[Entries taken from a collection]
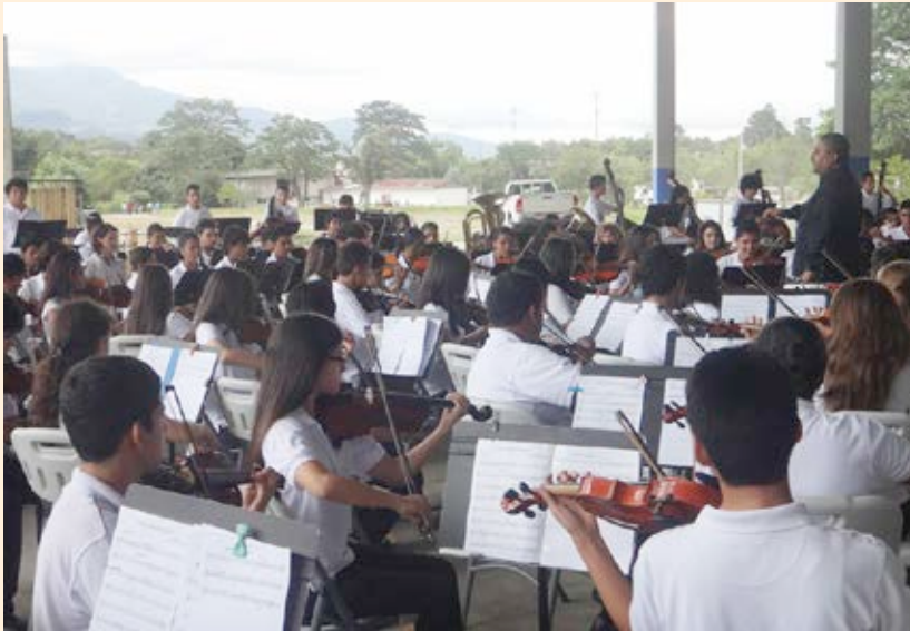
Orquesta Regional Juvenil del Tempisque en el 2º Festival de Orquestas Regionales. Año 2013

de danza del TPMS (SiNEM-Alvarado); Guanacaste: Concierto con Orquesta sinfónica en el Festival de la Nimbueras (SiNEM-Nicoya) y concierto con Orquesta sinfónica en el Festival Guanacastearte (SiNEM-Liberia); Puntarenas: Concierto con Orquesta sinfónica en el Hogar Comunidad Encuentro (SiNEM-Coto Brus) y taller de danza del TPMS (SiNEM-Cóbano); y Limón: Concierto con Orquesta sinfónica en Festival Ritmo y Sabor (SiNEM-Siquirres).
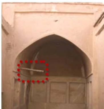
تصویر ۳- آثار کارگاه برک در ایوان خانه‌های کوچک
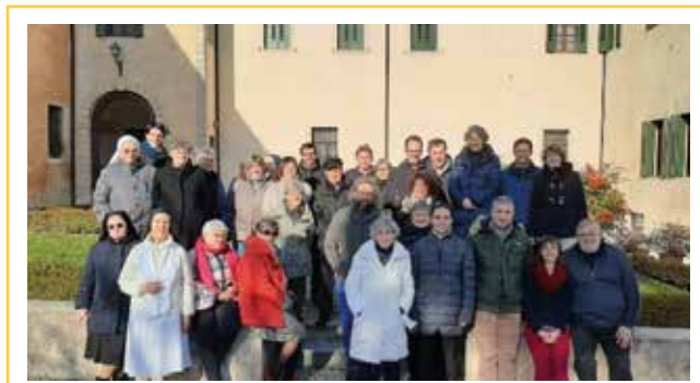
Esercizi Natale 2022
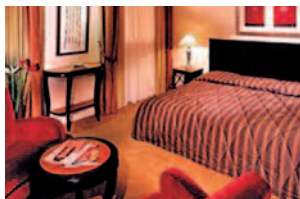
③ H. DOM 5* Domkloster, 2A – Tel. 221 202 40
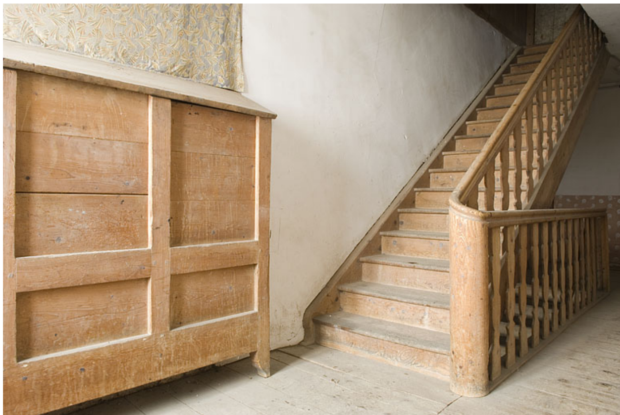
Escalier et coffre à grains.
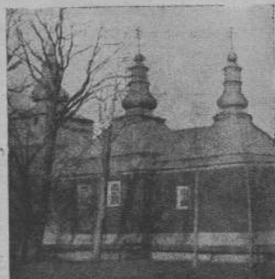
Деревяна церква в селі Перегримка, біля Жмигорода, зб. 1870 р.

Хоч село має славу мнушувини, однак тепер (на жалі!) має сумну дійсність. Ще в 1926 році один господар, по повероті з Америки завоїв тут сектанство, яке страшно розідає село. І хоч теперішній парох про-
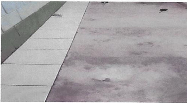
SUSTITUCIÓN DE CERÁMICA

-- What is needed --
Within the records above, count the lines that include the string "Festival"; state the number and nothing else.

-- Answer for the task --
2